Data Breach Reporting

Controllers and processors are required to notify the PDPC of any breach of personal data within 24 hours of the breach. They are also required to follow up with a detailed report of the breach within 72 hours. Individuals must also be informed of the breach within 10 working days of notifying the PDPC.

The breach notification requirements under the Draft Law are markedly different than the GDPR. Under the latter regime:

• the obligation to notify breaches to the regulator rests with the controller alone but processors are required to notify the controller of any incidents without undue delay;
• breaches must be notified to the data protection authority only if there is a risk to the rights of the individual and individuals only need to be notified, without undue delay, if these risks are high; and
• controllers have 72 hours to notify a data breach the data protection supervisory authority.

Data Protection Officer

The Draft Law requires that both controllers and processors appoint a data protection officer to be responsible for:

• monitoring the organisation’s compliance with the law; 
• conducting regular inspections;
• receiving and responding to requests from individuals; and
• acting as a point of contact with the PDPC on issues relating to compliance.

Cross Border Transfers

The Draft Law recognises that transfers of personal data to other countries can give rise to risks for the data, the individual and the transferring organisation.

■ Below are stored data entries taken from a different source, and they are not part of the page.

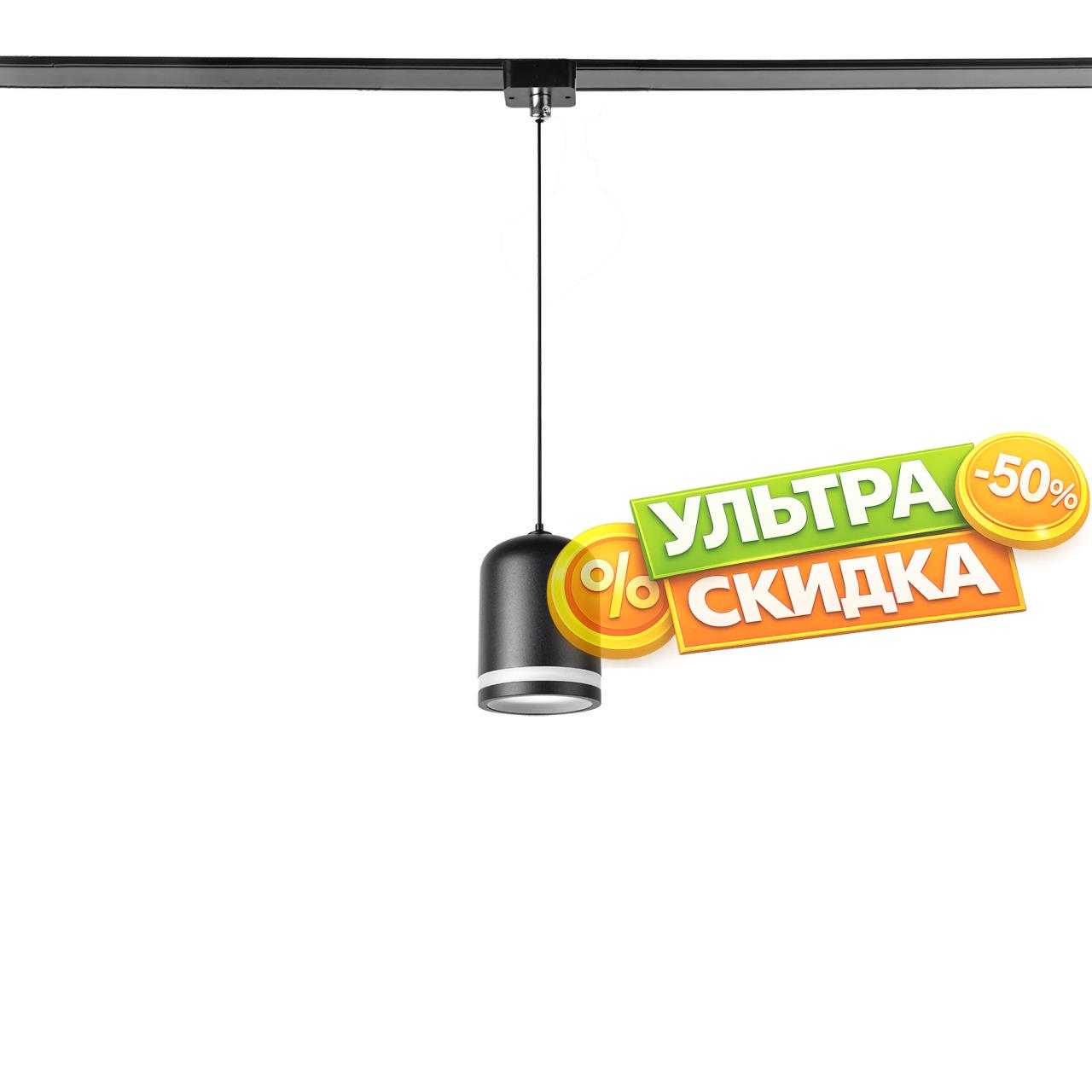| Описание светильника | подвесной светильник на шинопровод черного цвета с закругленным конусообразным плафоном, в который встроено декоративное акриловое кольцо. |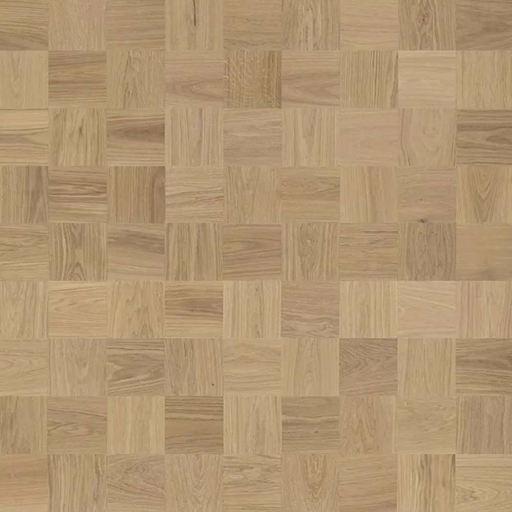 Erleben Sie die exquisite Qualität des Tarkett Noble EICHE SOHO Mosaik groß Fertig-Parketts, Modellnummer 7806012. Dieses hochwertige Parkett wird von Tarkett, einem der führenden Hersteller in der Bodenbelagsbranche, angeboten und gehört zur "Noble"-Kollektion. Es besticht durch seine lebhafte Sortierung und den eleganten Beigeton, der jedem Raum eine warme und einladende Atmosphäre verleiht.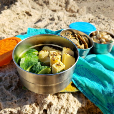 Plastic-free and leak-proof, the Blue Water Bento Seal Cup Trio is a three-piece nesting lunch container set ideal for packing a variety of foods and keeping them separate.

Therefore, before any controller or processor can transfer personal data outside Egypt, they must obtain a permit from the PDPC. It appears that such permits will only be granted if the jurisdiction to which the data is to be transferred has a data protection framework that will provide at least equal or greater protection for personal data than the Draft Law. Interestingly, the Draft Law also provides that a controller or processor may provide a third party with access to the personal data they hold if the objectives of the third party are similar or if there is some legitimate benefit to be derived from such access by the controller, processor or individual. 

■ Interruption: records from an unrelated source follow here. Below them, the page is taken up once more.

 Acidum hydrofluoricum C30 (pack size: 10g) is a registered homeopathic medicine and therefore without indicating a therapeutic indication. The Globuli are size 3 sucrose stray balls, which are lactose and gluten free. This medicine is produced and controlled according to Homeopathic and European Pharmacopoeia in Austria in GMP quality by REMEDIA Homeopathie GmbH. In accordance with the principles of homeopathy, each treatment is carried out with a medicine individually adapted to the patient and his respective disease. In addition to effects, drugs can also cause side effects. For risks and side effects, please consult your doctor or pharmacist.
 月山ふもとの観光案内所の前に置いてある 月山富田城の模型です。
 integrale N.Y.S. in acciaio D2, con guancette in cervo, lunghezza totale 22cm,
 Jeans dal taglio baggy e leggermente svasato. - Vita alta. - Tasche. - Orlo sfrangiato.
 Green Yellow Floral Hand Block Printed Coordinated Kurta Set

Personal data may be transferred to countries that have lesser degrees of data protection than Egypt provided that: 

• the explicit consent of the individual has been obtained; and
• the transfer is necessary for the purposes of:
  - protecting the life of the individual and to provide medical care;
  - proving, claiming, or defending a right before the judiciary;
  - fulfilling a contractual obligation for the benefit of the individual;
  - making monetary transfers; and
  - fulfilling a treaty of which Egypt is a member.

Direct Marketing

The Draft Law also addresses the issue of direct marketing, stating that before engaging in this activity, organisations must:

• obtain a licence from the PDPC; and
• obtain the prior consent of individuals.

In addition, the content of all direct marketing messages must clearly state the identity of the organisation sending the message and provide a clear opt-out mechanism. 

Sanctions

The financial remedies and sanctions available to the PDPC and/or aggrieved individuals in Egypt are comparatively low under the Draft Law when compared to, for example, the GDPR. Under the Draft Law fines may be imposed up to a maximum of EGP2 million (approx. US$124,000) versus the higher of approx. US$22.5 million or 4% of global turnover under the GDPR). Notwithstanding this however, the possibility of imprisonment for breaches of the Draft Law arguably still gives the Draft Law real ‘teeth’. Interestingly, the Draft Law also specifically allows for reconciliations or settlements outside of court with the aggrieved individual(s) and/or the PDPC.

The PDPC is also empowered to issue warnings for instances of non-compliance and to suspend or revoke any license or permit previously issued to the offending controller or processor.